Task brief: Return all of the data that follows precisely, leaving every image out.

Data supplied:
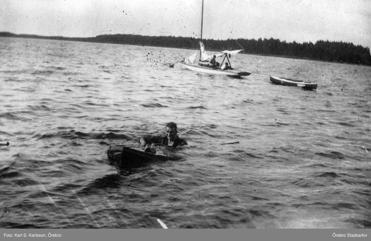 Sjunkande roddbåt utanför Hjälmarbaden, 1919
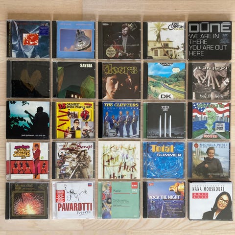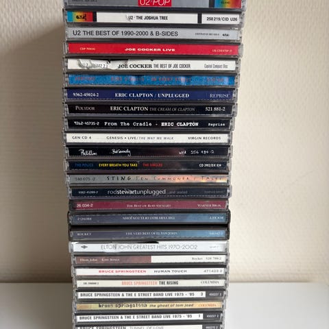 Samling af CD albummer fra forskellige kunstnere. Blandt andet ses Eric Clapton "The Cream of Clapton" og R.E.M. "Automatic for the People" samt yderligere albummer fra andre kunstnere. Fysiske CD’er i standard jewel cases med originalt cover og bagside med trackliste. Velegnet til køber, der ønsker at udvide sin samling af rock- og popudgivelser på CD.
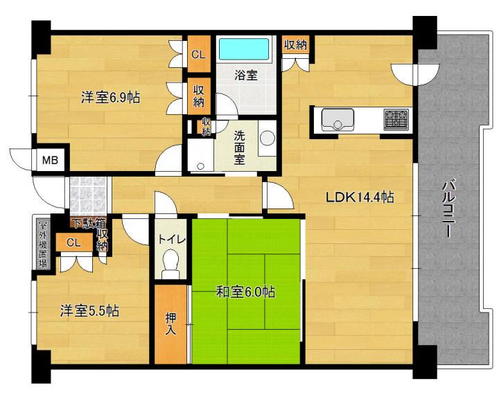 | 間取り詳細 | 和6.0帖 洋6.9帖 洋5.5帖 LDK14.4帖 |
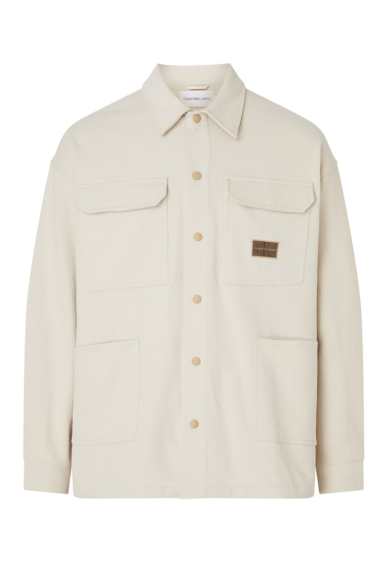 Jacheta-camasa de bumbac cu capse - Alb fildes
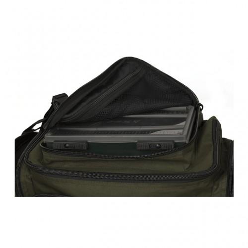 Fox R-Series Rucksack Nova R-serija torb je narejena iz robustnega in vodo nepropustnega materiala. Volumen nahrbnika je 35 litrov kateri je idealen za mobilne ribiče. Velik žep na sprednji strani je idealen za F-box škatlo, na straneh najdemo dodatne žepe. Ročaji in naramnice so udobno podložene z EVA materialom, pravtako so nastavljive po dolžini. Pasi na sprednji strani se ponujajo za pritrditev manjšega stola ali unhooking mate.
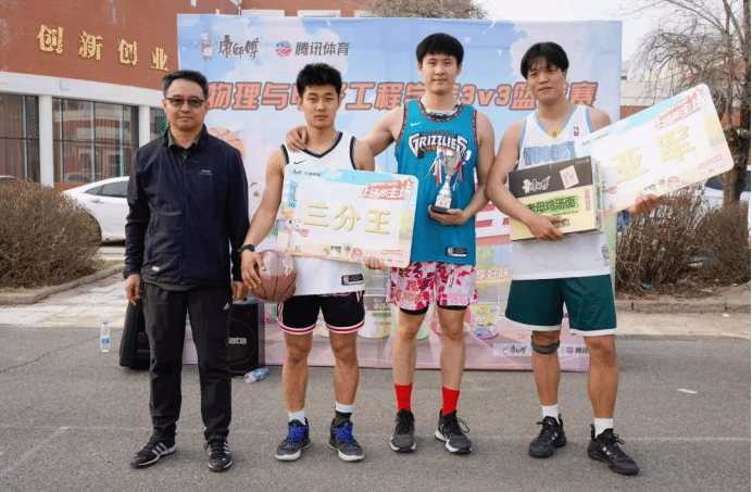 为了丰富校园文化生活,为学校阳光体育文化节预热,鼓励同学们“放下手机,走出寝室,运动起来”~伟德国际VICTOR1946举办了3v3篮球邀请赛,全校共有40支球队参加比赛。体育部贾智丰主任、时光副主任和院党委副书记王东明参加本次活动并为决赛前三名队伍颁奖。
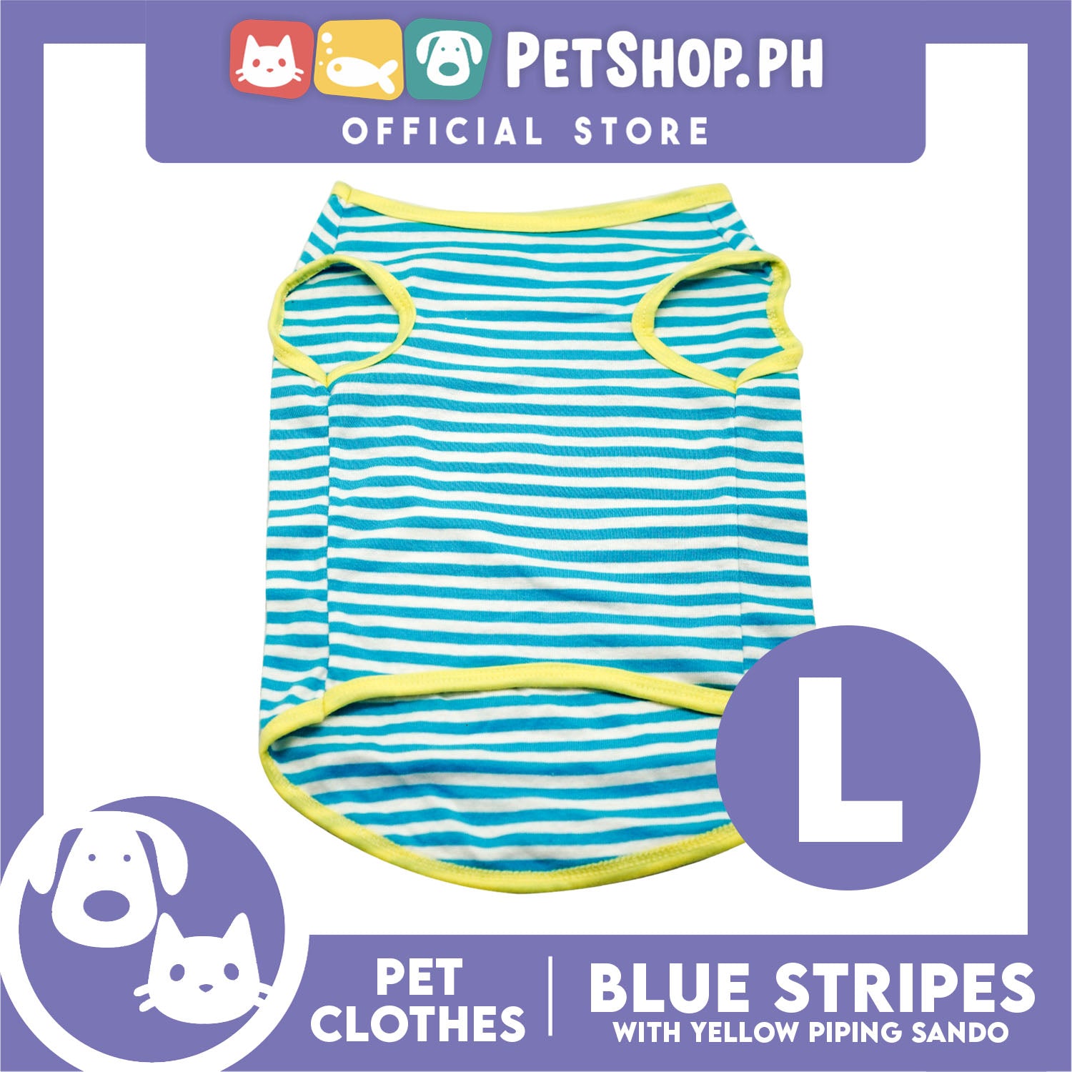 Pet Sando (Large) Blue and White Stripes with Yellow Piping Design Sando Pet Shirt
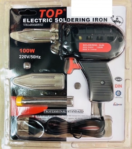 Mô tả sản phẩmMỏ hàn chì dạng súng TOP TEA-50056VN là dụng cụ hàn điện dạng súng, dùng nhiệt từ điện để làm nóng đầu mỏ hàn, giúp làm chảy thiếc hàn & nối linh kiện điện tử nhanh chóng. Với công suất 100W, thiết kế nhỏ gọn & tiện dụng, sản phẩm phù hợp cho cả thợ điện tử, kỹ thuật sửa chữa hoặc người dùng DIY (tự sửa chữa) tại nhà.
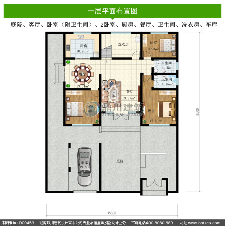 一 層: | 庭院、客廳、臥室(附衛生間)、2臥室、廚房、餐廳、衛 生間、洗衣房、車庫 | |||
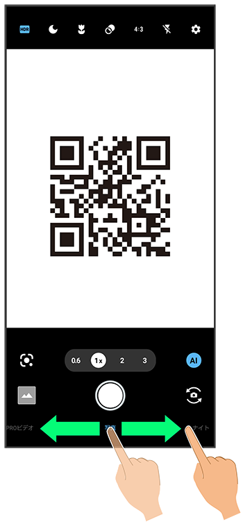 - QRコード(バーコード)が小さくて検出できないときは、ピンチアウト、または音量Upキーを押して拡大してください。
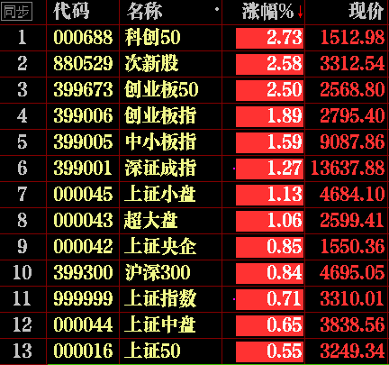 上午指数的走势,快速冲高,加速回落,缓步上行,指数全涨。 高层会议昨天再次定调资本市场,这是重大利好!也是早盘快速拉升的主要刺激因素。 加速回落,一是下探支撑,二是等5日线上行。无论怎样的政策面消息,总是要服从技术面——市场合力的结果。指数周三大涨、昨天回调,依然偏离了短期均线,所以,必须“等”5日均线上行,才靠谱。 经过昨天和今天上午的震荡后,目前各主要指数的MA5已经上拐,加上MA10,共同对指数形成短期支撑,后市维持成交量持续放大(最好不要突然爆量),缓慢上行,则是理想与现实相结合的健康平稳的“慢牛”趋势。 科创50很扎实地大涨了2.73%,次新股相应大涨2.58%,创业板50不甘示弱地上涨2.5%带动创业板指收涨1.89%,而作为大盘股代表的上证50殿后收涨0.55%。
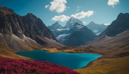 A vibrant turquoise lake is cradled within a rugged mountain valley. Steep, rocky slopes rise on either side, with patches of dry grass and scree. In the foreground, a carpet of bright pink flowers adds a splash of color. Snow-capped peaks dominate the background under a clear blue sky dotted with white clouds.
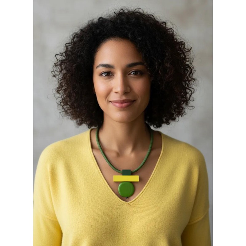 Necklace w/ a soft cord, an anodized aluminum pendant w/ an acrylic accent.
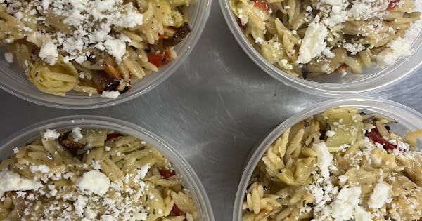 Orzo pasta with roasted peppers and onions, artichokes, and feta cheese tossed with our own lemon tarragon dressing.

Exercise output:
 Sjunkande roddbåt utanför Hjälmarbaden, 1919
 Samling af CD albummer fra forskellige kunstnere. Blandt andet ses Eric Clapton "The Cream of Clapton" og R.E.M. "Automatic for the People" samt yderligere albummer fra andre kunstnere. Fysiske CD’er i standard jewel cases med originalt cover og bagside med trackliste. Velegnet til køber, der ønsker at udvide sin samling af rock- og popudgivelser på CD.
 | 間取り詳細 | 和6.0帖 洋6.9帖 洋5.5帖 LDK14.4帖 |
 Jacheta-camasa de bumbac cu capse - Alb fildes
 Fox R-Series Rucksack Nova R-serija torb je narejena iz robustnega in vodo nepropustnega materiala. Volumen nahrbnika je 35 litrov kateri je idealen za mobilne ribiče. Velik žep na sprednji strani je idealen za F-box škatlo, na straneh najdemo dodatne žepe. Ročaji in naramnice so udobno podložene z EVA materialom, pravtako so nastavljive po dolžini. Pasi na sprednji strani se ponujajo za pritrditev manjšega stola ali unhooking mate.
 为了丰富校园文化生活,为学校阳光体育文化节预热,鼓励同学们“放下手机,走出寝室,运动起来”~伟德国际VICTOR1946举办了3v3篮球邀请赛,全校共有40支球队参加比赛。体育部贾智丰主任、时光副主任和院党委副书记王东明参加本次活动并为决赛前三名队伍颁奖。
 Pet Sando (Large) Blue and White Stripes with Yellow Piping Design Sando Pet Shirt
 Mô tả sản phẩmMỏ hàn chì dạng súng TOP TEA-50056VN là dụng cụ hàn điện dạng súng, dùng nhiệt từ điện để làm nóng đầu mỏ hàn, giúp làm chảy thiếc hàn & nối linh kiện điện tử nhanh chóng. Với công suất 100W, thiết kế nhỏ gọn & tiện dụng, sản phẩm phù hợp cho cả thợ điện tử, kỹ thuật sửa chữa hoặc người dùng DIY (tự sửa chữa) tại nhà.
 一 層: | 庭院、客廳、臥室(附衛生間)、2臥室、廚房、餐廳、衛 生間、洗衣房、車庫 | |||
 - QRコード(バーコード)が小さくて検出できないときは、ピンチアウト、または音量Upキーを押して拡大してください。
 上午指数的走势,快速冲高,加速回落,缓步上行,指数全涨。 高层会议昨天再次定调资本市场,这是重大利好!也是早盘快速拉升的主要刺激因素。 加速回落,一是下探支撑,二是等5日线上行。无论怎样的政策面消息,总是要服从技术面——市场合力的结果。指数周三大涨、昨天回调,依然偏离了短期均线,所以,必须“等”5日均线上行,才靠谱。 经过昨天和今天上午的震荡后,目前各主要指数的MA5已经上拐,加上MA10,共同对指数形成短期支撑,后市维持成交量持续放大(最好不要突然爆量),缓慢上行,则是理想与现实相结合的健康平稳的“慢牛”趋势。 科创50很扎实地大涨了2.73%,次新股相应大涨2.58%,创业板50不甘示弱地上涨2.5%带动创业板指收涨1.89%,而作为大盘股代表的上证50殿后收涨0.55%。
 A vibrant turquoise lake is cradled within a rugged mountain valley. Steep, rocky slopes rise on either side, with patches of dry grass and scree. In the foreground, a carpet of bright pink flowers adds a splash of color. Snow-capped peaks dominate the background under a clear blue sky dotted with white clouds.
 Necklace w/ a soft cord, an anodized aluminum pendant w/ an acrylic accent.
 Orzo pasta with roasted peppers and onions, artichokes, and feta cheese tossed with our own lemon tarragon dressing.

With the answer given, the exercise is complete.